Way back in 2012, Golden State Warriors General Manager Bob Myers and I sat courtside at Oracle Arena and watched the Warriors and Cavaliers warm up.
Instead of match-ups or perimeter defense, we talked about things like team culture, trust and transparency.
Things were a little different then. The Warriors had tasted the playoffs just one time in 18 long years. Their last championship was nearly four decades stale. Myers was in his first season as GM, years away from NBA Executive of the Year honors or a championship parade. LeBron James lived and played in Miami. Nobody had imagined a season with 73 wins or 402 Stephen Curry three-pointers. Dubs fans were thrilled with the fact the Warriors started 8-6 (!) six short months after they booed new majority owner Joe Lacob off the court.
In the face of Golden State’s ensuing historic greatness, and more wins than any team has collected in a three-year span, that moment provides an all-too-fleeting perspective on how far the Warriors have come and how much had to happen to get here.
It’s understandable to see that perspective eroded. There are only so many times you can say “Nobody has ever done that” – 24 consecutive wins to start a season, 54 consecutive regular season home victories, 15 straight playoff wins, a +16 playoff point differential, 13 3s in a single game for Curry, 37 points in a single quarter for Klay Thompson – before expectation seeps in. When the Ws won their second NBA title in three years this week, pundits complained that Warrior dominance was predictable. A San Jose Mercury headline read, “Warriors deliver the title that was expected, demanded and promised.”

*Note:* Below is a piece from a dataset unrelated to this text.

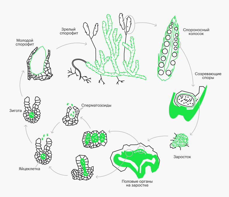 Жизненный цикл плаунов похож на циклы всех остальных высших растений. В нём чередуются две фазы — спорофит и гаметофит. Если ты не знаешь, что это такое — прочитай нашу статью.

But the Warriors themselves are not taking anything for granted, and that’s both their most underrated and most powerful quality. Before Game 5, Head Coach Steve Kerr – who Myers credits for creating “a culture of joy” – implored his team to “play with force” but, just as importantly, to enjoy the moment. Curry appeared on SportsCenter and said, “You have fun. You try to enjoy the stage you’re on. Because it’s not guaranteed.”
While much has changed since 2012, some fundamentals have not. The culture is cooperative, not hierarchical. Lacob is at ease mingling with ticket takers and playing pickup games with Warrior employees. Curry means it when he says, “I’m not bigger than anyone on this team.” Unselfishness is how first halfs like the one the Ws put up to start the 2017 Finals rout – 20 assists, 1 turnover – can happen.
Like Myers told NBC Sports before the series, “We all do our best when we feel part of something bigger, if you don’t care who gets the credit.”
That echoes one of the first things series MVP Kevin Durant said after the Game 5 victory: “It’s a team sport.”
Which is precisely why Durant, who supplied five straight 30-point games and arguably the most efficient finals performance the league has seen, chose the Warriors: Other champions may have been as good as the Warriors, but they never had such a good time.